As you can see, metadata checking is split into different phases:
Our sample filesystem is in good shape! We saw a few things that could be optimized or reviewed, but no corruptions were reported. No data have been lost.
However, this is not the only way we can run xfs_scrub! System administrators can set it up to run in the background when the system is idle. xfsprogs ships with the appropriate job control files to run as a systemd timer service or a cron job.
The systemd timer service can be run automatically by enabling the timer:
# systemctl start xfs_scrub_all.timer # systemctl list-timers NEXT LEFT LAST PASSED UNIT ACTIVATES Thu 2019-11-28 03:10:59 PST 12h left Wed 2019-11-27 07:25:21 PST 7h ago xfs_scrub_all.timer xfs_scrub_all.service <listing shortened for brevity>
When enabled, the background service will email failure reports to root. Administrators can configure when the service runs by running systemctl edit xfs_scrub_all.timer, and where the failure reports are sent by running systemctl edit xfs_scrub_fail@.service to change the EMAIL_ADDR variable. The systemd service takes advantage of systemd's sandboxing capabilities to restrict the program to idle priority and to run with as few privileges as possible.
For systems that have cron installed (but not systemd), a sample cronjob file is shipped in /usr/lib/xfsprogs/xfs_scrub_all.cron. This file can be edited as necessary and copied to /etc/cron.d/. Failure reports are dispatched to wherever cronjob errors are sent.
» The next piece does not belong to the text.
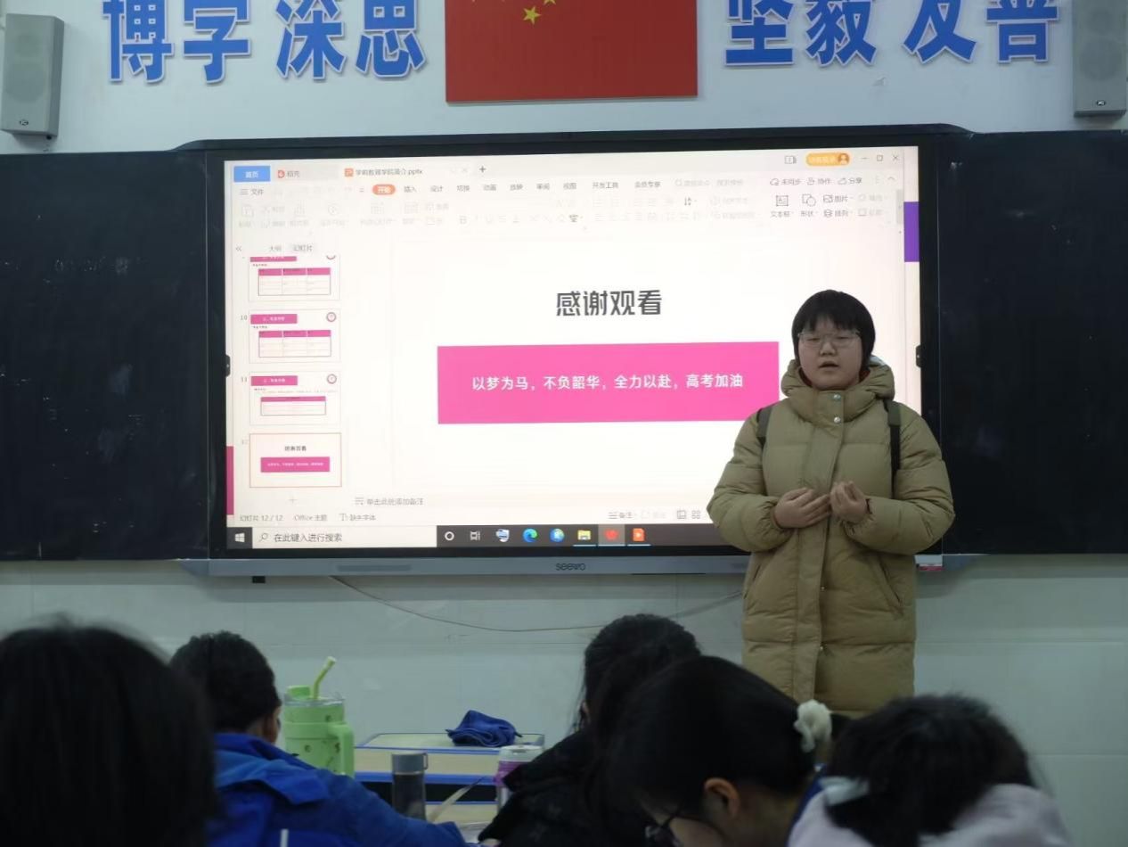 站在讲台上,我分享着自己丰富多彩的文理生活,讲述着学前教育专业的特色与前景。互动环节,我耐心解答大家的问题,尽力把所知所想毫无保留的分享给他们。这次宣讲不仅让我感恩母校的培育,也让我深知传承梦想的意义,希望我的分享能够帮到他们,也期待学弟学妹们能够加入我们的行列,共同创造美好未来。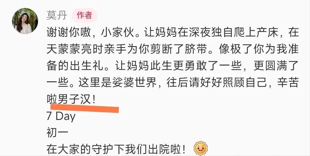38歲的莫丹激動發文,她說:謝謝你嗷,小傢伙。讓媽媽在深夜獨自爬山產牀,在天矇矇亮時親手爲你剪斷了臍帶。

A comprehensive health report can be generated with the xfs_spaceman tool. The report contains health status about allocation group metadata and inodes in the filesystem:
# xfs_spaceman -c 'health -c' /storage filesystem summary counters: ok AG 0 superblock: ok AG 0 AGF header: ok AG 0 AGFL header: ok AG 0 AGI header: ok AG 0 free space by block btree: ok AG 0 free space by length btree: ok AG 0 inode btree: ok AG 0 free inode btree: ok AG 0 overall inode state: ok <snip> inode 501370 inode core: ok inode 501370 data fork: ok inode 501370 extended attribute fork: ok
This concludes our demonstrations. We hope you'll try out these new features and let us know what you think!